Two cafeterias supplied fast food, hot beverage, and water to the students near the Amphi. Especially in the evenings, the area came to life with students singing and having fun. This scene is now just a memory, no longer existing.
Zemach, the owner of one of the cafeterias, said, “I had 5 employees working for me. My business is closed now. When the university decided to decrease the number of students, many businesses in and around the campus closed down.”
The campus has six libraries: Central, Female, Engineering, Natural Science, Post-graduate, and Liberal Arts libraries. The Engineering library is now closed with its entire collection of books.
Penta and Berta are names of different dormitory facilities for female students whereas Sawa, Kulbi, and Kerayu are for male students. Currently, Sawa is totally out of service and has become a store for old materials. Many dormitories in the Kerayu building are also closed.

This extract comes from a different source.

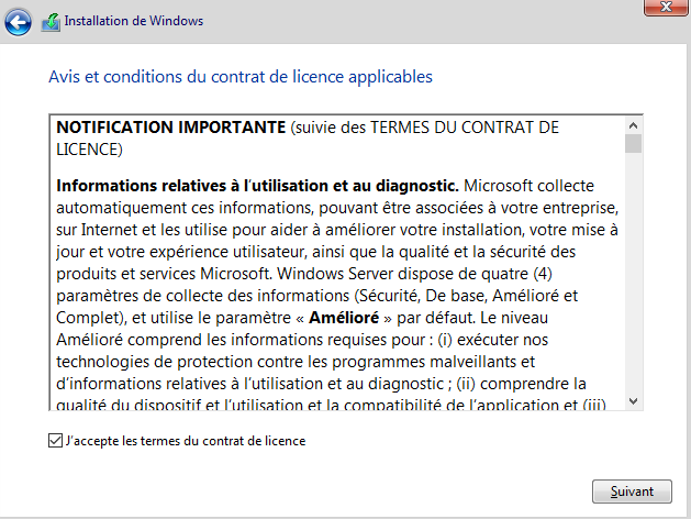 - Une fois le contrat d'utilisation lu et accepter, cliquer sur **Suivant**

A third-year student in the university, whose name is not disclosed here upon his request, said, “This is my random observation; I think there are 14 dormitory buildings out of use at the moment.”
He also observed that more than 8 dormitory buildings are vacant for half of every academic year.
The dormitory buildings each have 2 floors with a total of 50 rooms. These buildings are covered with dust and have waterproofing problems along with cracks in the walls. The student said the buildings are on the brink of becoming ruins. Since these buildings are unlocked they have become hiding spots for students with unfavorable activities.
Buildings, where Social Science students used to attend classes, are now closed. Other buildings on the campus are also unattended only with a few offices and classrooms being used.
The building commonly called, the Red Building, has been under construction for the past 6 years. It was expected to host graduations but such ceremonies are being held outside as the Red Building’s construction had stopped. The research center building is also still under construction.
Anteneh Belayneh, a civil engineer who worked in the sector for ten years, said, “Buildings have purposes when designed and constructed. When they stop serving those purposes and become abandoned, they start falling apart and decaying.”
According to Anteneh, it’s also difficult to tell the status of installed electric lines and
plumbing systems if a building is not being used. Undetected leakages might create rust and damage the building. Equipment installed in the building gets damaged and their spares may no longer be on the market. All this increases maintenance duration and cost when one wants to resume using the building.
Addis Zeybe asked Solomon Abraha (Ph.D.), Director of Administration and Infrastructure at the Ministry of Education if the ministry knows about the closed buildings. He responded that they have no information about it and advised us to enquire the university management.
In this regard, Addis Zeybe’s repeated efforts to contact the Public Relations and President offices of the university have failed.